EXERCISE BRIEF - Once the pictures are set aside, copy the data below exactly as it stands.

EXCERPTED RECORDS -

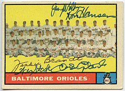 1961 Topps (upper left), 1961 Topps (upper right), 1963 Topps (lower left) and 1965 Topps (lower right)
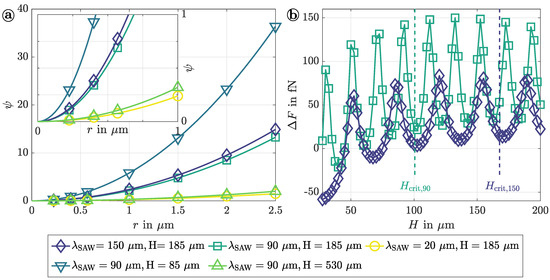 Mean force coefficient against the particle radius r for different configurations of (, H) (a). The course of up to a particle radius of and is shown in the inset. The numerical data were linked by quadratic regression. This subfigure was adapted from Sachs et al. (2022) [51]. Average force difference as a function of the channel height H for wavelengths of 90 and 150 with the corresponding critical channel heights and highlighted by dashed lines (b). The volume flow rate and electrical power were set constant at −1 and , respectively.
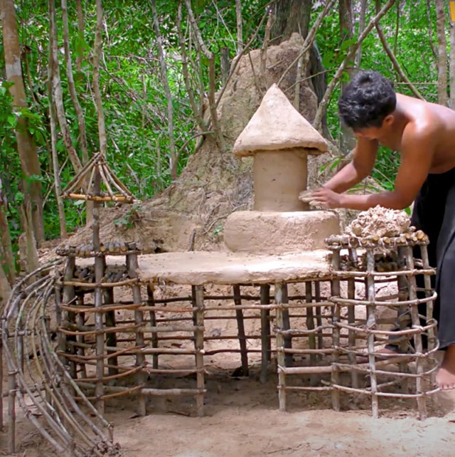 First, he collected dozens of branches from nearby woods. In the video below, you’ll see him sharpening the end of each stick and hammer them into the ground in order to create a foundation for the castle.
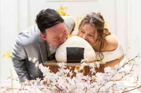 披露宴では、食べることが好きなお二人にぴったりなおにぎりセレモニーを行いました。当日おにぎりは、サプライズで扉から登場し会場は大盛り上がりでした。また、大きなおにぎりを両端からかじる様子はとても可愛くゲストの方皆様が釘付けでした。おにぎりを頬張る姿にお二人らしさが現れたとても素敵なセレモニーでした。
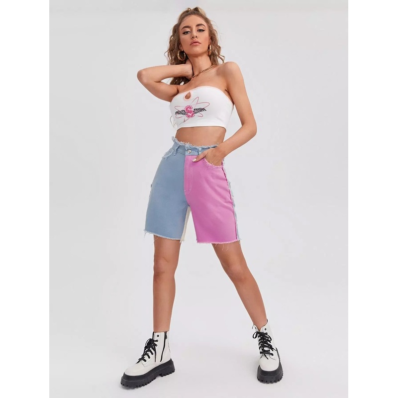 SHH-0835-ZKIKZipper Fly Raw Edge Colorblock Denim Shorts
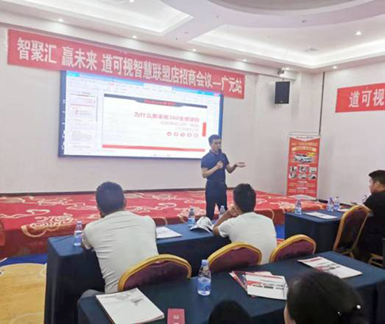 對于大家普遍所關心的智慧聯(lián)盟店政策,道可視大區(qū)經理陶佩重點進行了詳細的講解,他表示,智慧聯(lián)盟店是從省代到城市運營商到智慧聯(lián)盟店再到終端車主的360°全景行車輔助產品新型銷售模式,最終將完成4000家智慧聯(lián)盟店的“小目標”。
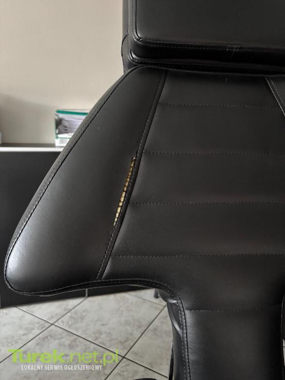 Sprzedam profesjonalny fotel do tatuażu w klasycznym czarnym kolorze. Fotel posiada regulowane oparcie, siedzisko oraz podnóżki, co zapewnia komfort zarówno klientowi, jak i tatuatorowi.
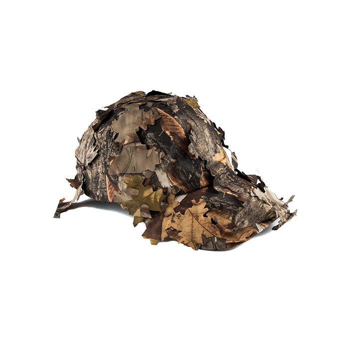 Pălărie de camuflaj robustă, ușoară și confortabilă, cu frunze 3D, realizată din țesătură ușoară cu culori de camuflaj atent selectate. Coloritul este de tip "stejar englezesc", ajutând la integrarea completă în mediul înconjurător. Pălăria este potrivită pentru camuflaj și vânătoare. Dimensiunea sa este universală, reglabilă.
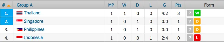 Here are the current standings after today’s AFF Suzuki Cup games:
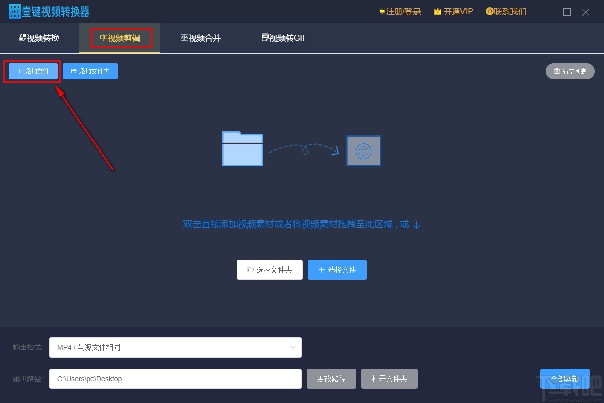 1.首先第一步我们打开软件之后在软件界面上方选择视频剪辑功能模块,选择之后点击添加文件按钮。
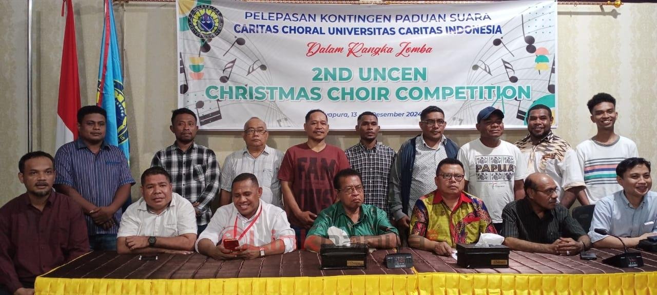MANOKWARI, Linkpapua.com- Rektor Universitas Caritas Indonesia (UNCRI) Manokwari Prof Robert KR. Hammar melepas tim paduan suara yang akan berlomba pada Kompetisi 2nd Uncen Christmas Choir Competition di Jayapura, Papua. Lomba akan berlangsung dari 13 hingga 14 Desember 2024.
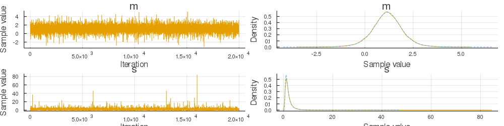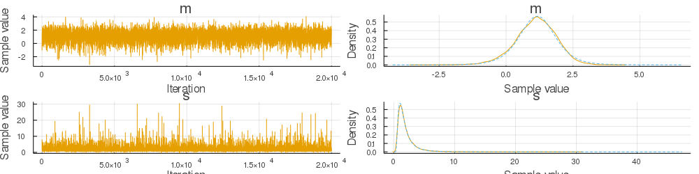 endsuccessfully. I created plots of the trajectories and the true (dashed blue) and approximated (orange) posterior (code): |
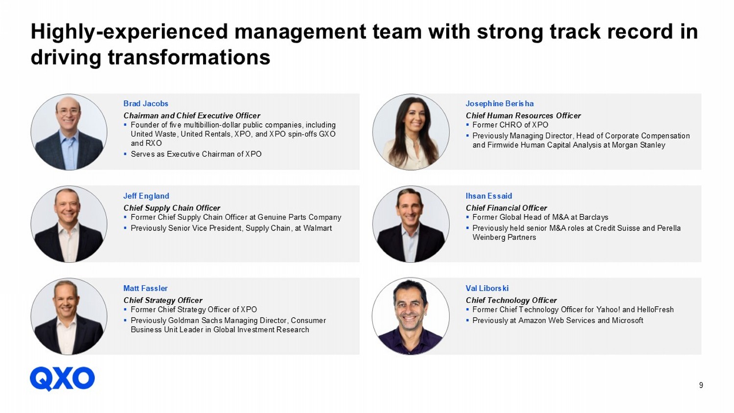 8 ▪ ~$800 billion building products distribution industry 1 ▪ Highly fragmented; ~7,000 distributors across North America ▪ Strong demand drivers ‒ Shortage of ~4 million homes in the U.S. ‒ Significantly aged housing stock (>40 years) requiring R&R (repair & remodeling) ‒ >$2 trillion infrastructure spend needed in North America over the next two decades ▪ Large distributors have significant scale benefits ▪ Strong free cash flow conversion Building products distribution — large TAM supported by attractive long - term demand drivers Perfectly suited for QXO’s transformation playbook 1 Includes North America and Europe. Sources: U.S. Federal Reserve Economic Data, U.S. Census Bureau as of April 30, 2024, National Association of Homebuilders as of Febru ary 12, 2024
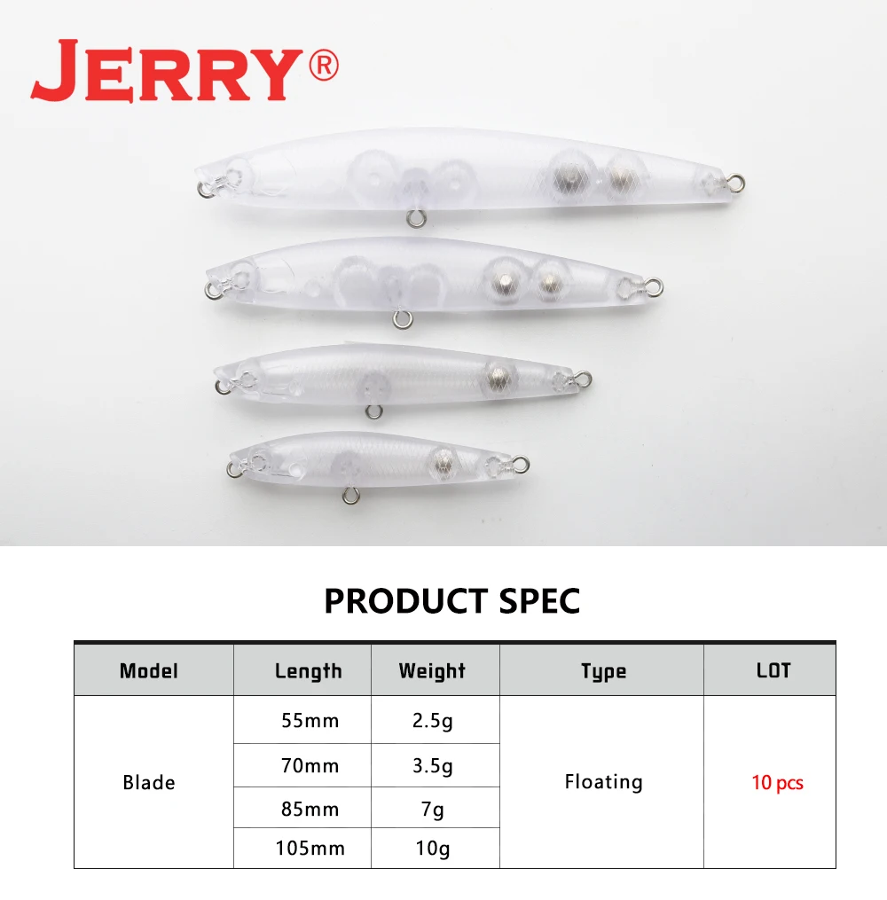 Jerry 10 шт. пустая приманка для рыбалки 55 мм/70 мм/85 мм/105 мм неокрашенные приманки из твердого пластика плавающая Сверхлегкая приманка-карандаш

ANSWER TO THIS TASK -
 1961 Topps (upper left), 1961 Topps (upper right), 1963 Topps (lower left) and 1965 Topps (lower right)
 Mean force coefficient against the particle radius r for different configurations of (, H) (a). The course of up to a particle radius of and is shown in the inset. The numerical data were linked by quadratic regression. This subfigure was adapted from Sachs et al. (2022) [51]. Average force difference as a function of the channel height H for wavelengths of 90 and 150 with the corresponding critical channel heights and highlighted by dashed lines (b). The volume flow rate and electrical power were set constant at −1 and , respectively.
 First, he collected dozens of branches from nearby woods. In the video below, you’ll see him sharpening the end of each stick and hammer them into the ground in order to create a foundation for the castle.
 披露宴では、食べることが好きなお二人にぴったりなおにぎりセレモニーを行いました。当日おにぎりは、サプライズで扉から登場し会場は大盛り上がりでした。また、大きなおにぎりを両端からかじる様子はとても可愛くゲストの方皆様が釘付けでした。おにぎりを頬張る姿にお二人らしさが現れたとても素敵なセレモニーでした。
 SHH-0835-ZKIKZipper Fly Raw Edge Colorblock Denim Shorts
 對于大家普遍所關心的智慧聯(lián)盟店政策,道可視大區(qū)經理陶佩重點進行了詳細的講解,他表示,智慧聯(lián)盟店是從省代到城市運營商到智慧聯(lián)盟店再到終端車主的360°全景行車輔助產品新型銷售模式,最終將完成4000家智慧聯(lián)盟店的“小目標”。
 Sprzedam profesjonalny fotel do tatuażu w klasycznym czarnym kolorze. Fotel posiada regulowane oparcie, siedzisko oraz podnóżki, co zapewnia komfort zarówno klientowi, jak i tatuatorowi.
 Pălărie de camuflaj robustă, ușoară și confortabilă, cu frunze 3D, realizată din țesătură ușoară cu culori de camuflaj atent selectate. Coloritul este de tip "stejar englezesc", ajutând la integrarea completă în mediul înconjurător. Pălăria este potrivită pentru camuflaj și vânătoare. Dimensiunea sa este universală, reglabilă.
 Here are the current standings after today’s AFF Suzuki Cup games:
 1.首先第一步我们打开软件之后在软件界面上方选择视频剪辑功能模块,选择之后点击添加文件按钮。
MANOKWARI, Linkpapua.com- Rektor Universitas Caritas Indonesia (UNCRI) Manokwari Prof Robert KR. Hammar melepas tim paduan suara yang akan berlomba pada Kompetisi 2nd Uncen Christmas Choir Competition di Jayapura, Papua. Lomba akan berlangsung dari 13 hingga 14 Desember 2024.
 endsuccessfully. I created plots of the trajectories and the true (dashed blue) and approximated (orange) posterior (code): |
 8 ▪ ~$800 billion building products distribution industry 1 ▪ Highly fragmented; ~7,000 distributors across North America ▪ Strong demand drivers ‒ Shortage of ~4 million homes in the U.S. ‒ Significantly aged housing stock (>40 years) requiring R&R (repair & remodeling) ‒ >$2 trillion infrastructure spend needed in North America over the next two decades ▪ Large distributors have significant scale benefits ▪ Strong free cash flow conversion Building products distribution — large TAM supported by attractive long - term demand drivers Perfectly suited for QXO’s transformation playbook 1 Includes North America and Europe. Sources: U.S. Federal Reserve Economic Data, U.S. Census Bureau as of April 30, 2024, National Association of Homebuilders as of Febru ary 12, 2024
 Jerry 10 шт. пустая приманка для рыбалки 55 мм/70 мм/85 мм/105 мм неокрашенные приманки из твердого пластика плавающая Сверхлегкая приманка-карандаш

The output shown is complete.